La Cour formule en conséquence les recommandations suivantes :

Au ministère des solidarités et de la santé et au ministère de l’enseignement supérieur, de la recherche et de l’innovation :

- consolider dans une annexe commune à la loi de finances et à la loi de financement de la sécurité sociale, les crédits budgétaires, les dépenses fiscales et les emplois affectés à la recherche biomédicale et à la formation initiale des médecins ;

- définir pour les personnels hospitalo-universitaires des obligations de service à mettre en œuvre dans un cadre contractuel et les évaluer périodiquement sur l’ensemble de leurs missions, y compris managériales ;

- rénover le Programme hospitalier de recherche clinique (PHRC) :

o en plaçant l’appel à projets interrégional (jeunes chercheurs) dans le PHRC national ;

o en confiant à l’ANR la gestion des appels à projets selon les thématiques et le cahier des charges définis par le ministère chargé de la santé ;

o en demandant au Haut conseil de l’évaluation de la recherche et de l’enseignement supérieur (HCERES) de procéder périodiquement à son évaluation scientifique.

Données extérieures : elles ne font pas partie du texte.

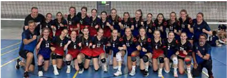
Die U20-weiblich- gewann die Regionsmeisterschaft unter dem Namen VC Osnabrück.
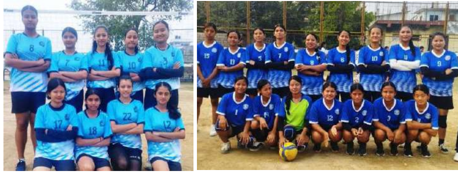
उपाधि भिडन्त पक्का गरेको हेटौंडा-५ (बायाँ) र हेटौंडा-१२ (दायाँ) को महिला भलिबल टिम।

समाज संवाददाता हेटौंडा : हेटौंडामा जारी उपमेयर कप भलिबल प्रतियोगिताको फाइनल खेल्ने टोलीको टुङ्गो लागेको छ। सोमबार सेमिफाइनलका खेलहरू सम्पन्न भएको हो। सेमिफाइनलका खेलहरू सकसँगै प्रतियोगितामा महिला र पुरुष दुवैतर्फ फाइनल खेल्ने टोलीहरूको टुङ्गो लागेको हो। जारी प्रतियोगितामा महिलातर्फ उपाधिका लागि हेटौंडा-५ र हेटौंडा-१२ भिडन्त हुनेछ। सोमबार हेटौंडा-४, हुप्रचौर स्थित भलिबल कोर्टमा भएको महिलोतर्फको पहिलो सेमीफाइनल खेलमा हेटौंडा-५ ले हेटौंडा-९ लाई २५-२२, २५-१८ र २५-१२ को सोभो सेटमा पराजित गर्दै फाइनल प्रवेश गरेको हो। सोमबार नै सम्पन्न
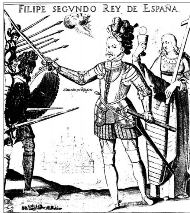
Figura 8.- Felipe II en la Historia de Cabrera.

Tal vez para compensar el robo de la prometida, se le propuso otra nueva, la inglesa María Estuardo, que Don Carlos rechazó: "me respondió y ha dicho algunas veces no quererse casar" , escribió el rey. Simultáneamente, se le hizo proclamar y jurar por Príncipe de Asturias, en Toledo, el 22 de febrero del año de las bodas de su padre, 1560.
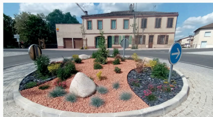
Nouvelles Lislolsiennes - n°50 - juin-août 2026

Ce projet a bénéficié de financements de l'État au titre de la DETR et du Conseil départemental du Gers, contribuant à la réalisation d'aménagements durables et qualitatifs en entrée de ville.
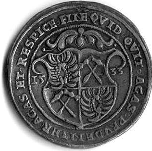
Talir Nikole III. Zrinskog iskovan u Gvozdanskom 1533. g., lice.

Au ministère des solidarités et de la santé :

- accroître progressivement et de façon significative la part des recettes MERRI réservée au financement des appels à projets et des structures de recherche ;

- d’ores et déjà, modifier les modalités d’affectation des recettes MERRI : relèvement des seuils d’éligibilité ; contrôle des déclarations des établissements et notamment des annuaires des personnels publiants ; définition de règles plus strictes pour la prise en compte des personnels publiants ; modification des scores SIGAPS et SIGREC afin de les rendre plus discriminants au regard de la qualité des travaux de recherche ;

- déterminer un mode de calcul des surcoûts de recherche et d’enseignement, commun à tous les établissements de santé, sur la base du temps médical ou à défaut à partir de critères prédéterminés.